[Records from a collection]
+ + + +
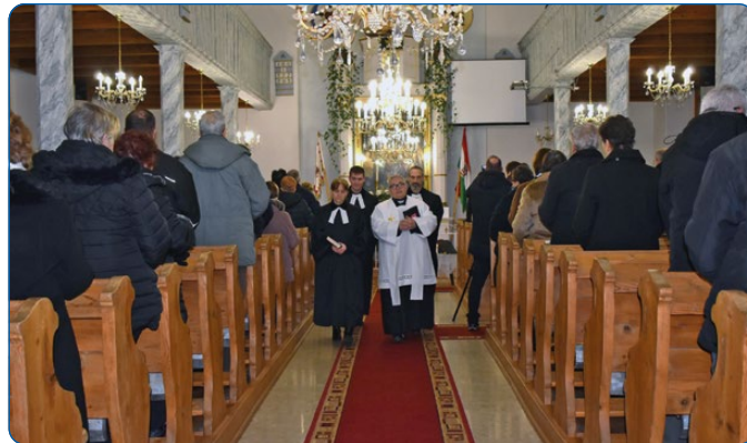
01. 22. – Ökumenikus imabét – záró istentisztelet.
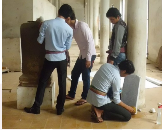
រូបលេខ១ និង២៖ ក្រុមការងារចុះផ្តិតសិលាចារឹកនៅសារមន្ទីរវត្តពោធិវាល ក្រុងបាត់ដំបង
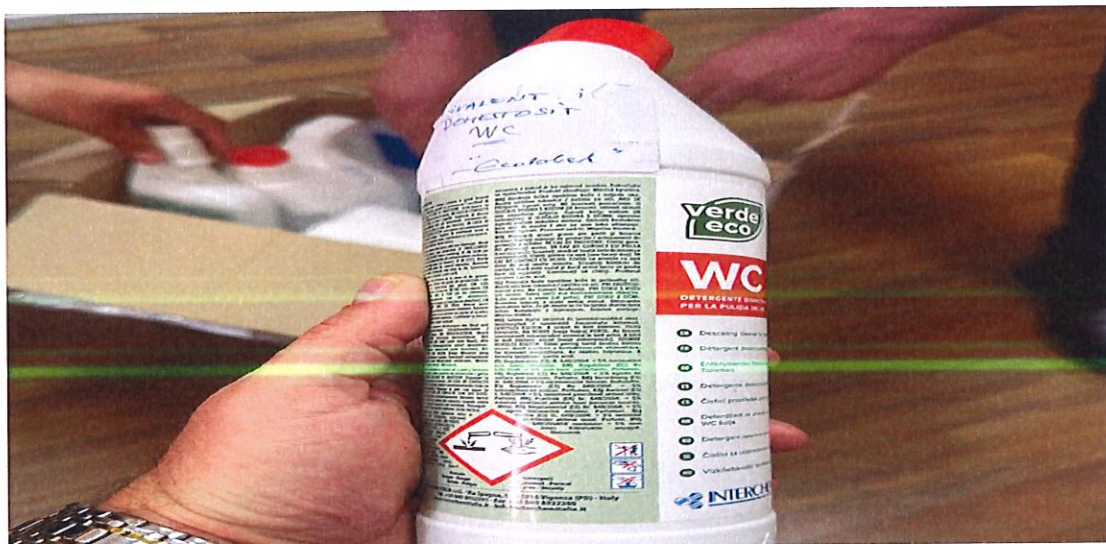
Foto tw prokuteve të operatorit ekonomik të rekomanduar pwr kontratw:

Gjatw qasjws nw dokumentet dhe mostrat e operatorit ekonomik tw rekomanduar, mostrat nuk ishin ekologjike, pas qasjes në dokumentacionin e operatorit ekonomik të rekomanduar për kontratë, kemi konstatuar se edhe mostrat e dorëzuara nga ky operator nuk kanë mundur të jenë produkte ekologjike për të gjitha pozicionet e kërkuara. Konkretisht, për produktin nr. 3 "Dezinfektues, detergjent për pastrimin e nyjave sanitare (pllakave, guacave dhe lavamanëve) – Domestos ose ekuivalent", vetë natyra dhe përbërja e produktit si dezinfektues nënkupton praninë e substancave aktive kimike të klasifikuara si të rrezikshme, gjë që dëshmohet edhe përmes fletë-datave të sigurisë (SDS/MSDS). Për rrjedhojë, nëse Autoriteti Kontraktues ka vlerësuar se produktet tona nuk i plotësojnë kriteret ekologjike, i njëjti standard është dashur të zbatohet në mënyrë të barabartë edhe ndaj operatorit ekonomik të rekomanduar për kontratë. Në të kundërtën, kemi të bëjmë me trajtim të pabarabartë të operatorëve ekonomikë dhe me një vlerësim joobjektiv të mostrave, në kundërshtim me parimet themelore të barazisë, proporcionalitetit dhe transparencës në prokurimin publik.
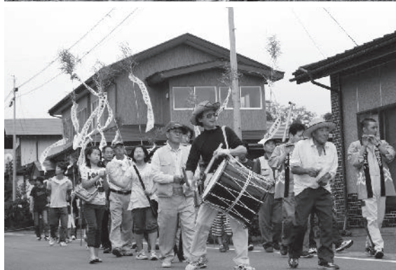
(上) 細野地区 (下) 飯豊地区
+ + + +
Reproduce, word for word, every line from the one that contains "រូបលេខ១ និង២៖ ក្រុមការងារចុះផ្តិតសិលាចារឹកនៅសារមន្ទីរវត្តពោធិវាល" to the end of the data, including both ends; omit all pictures.

* _Answer to this problem_
រូបលេខ១ និង២៖ ក្រុមការងារចុះផ្តិតសិលាចារឹកនៅសារមន្ទីរវត្តពោធិវាល ក្រុងបាត់ដំបង
Foto tw prokuteve të operatorit ekonomik të rekomanduar pwr kontratw:

Gjatw qasjws nw dokumentet dhe mostrat e operatorit ekonomik tw rekomanduar, mostrat nuk ishin ekologjike, pas qasjes në dokumentacionin e operatorit ekonomik të rekomanduar për kontratë, kemi konstatuar se edhe mostrat e dorëzuara nga ky operator nuk kanë mundur të jenë produkte ekologjike për të gjitha pozicionet e kërkuara. Konkretisht, për produktin nr. 3 "Dezinfektues, detergjent për pastrimin e nyjave sanitare (pllakave, guacave dhe lavamanëve) – Domestos ose ekuivalent", vetë natyra dhe përbërja e produktit si dezinfektues nënkupton praninë e substancave aktive kimike të klasifikuara si të rrezikshme, gjë që dëshmohet edhe përmes fletë-datave të sigurisë (SDS/MSDS). Për rrjedhojë, nëse Autoriteti Kontraktues ka vlerësuar se produktet tona nuk i plotësojnë kriteret ekologjike, i njëjti standard është dashur të zbatohet në mënyrë të barabartë edhe ndaj operatorit ekonomik të rekomanduar për kontratë. Në të kundërtën, kemi të bëjmë me trajtim të pabarabartë të operatorëve ekonomikë dhe me një vlerësim joobjektiv të mostrave, në kundërshtim me parimet themelore të barazisë, proporcionalitetit dhe transparencës në prokurimin publik.
(上) 細野地区 (下) 飯豊地区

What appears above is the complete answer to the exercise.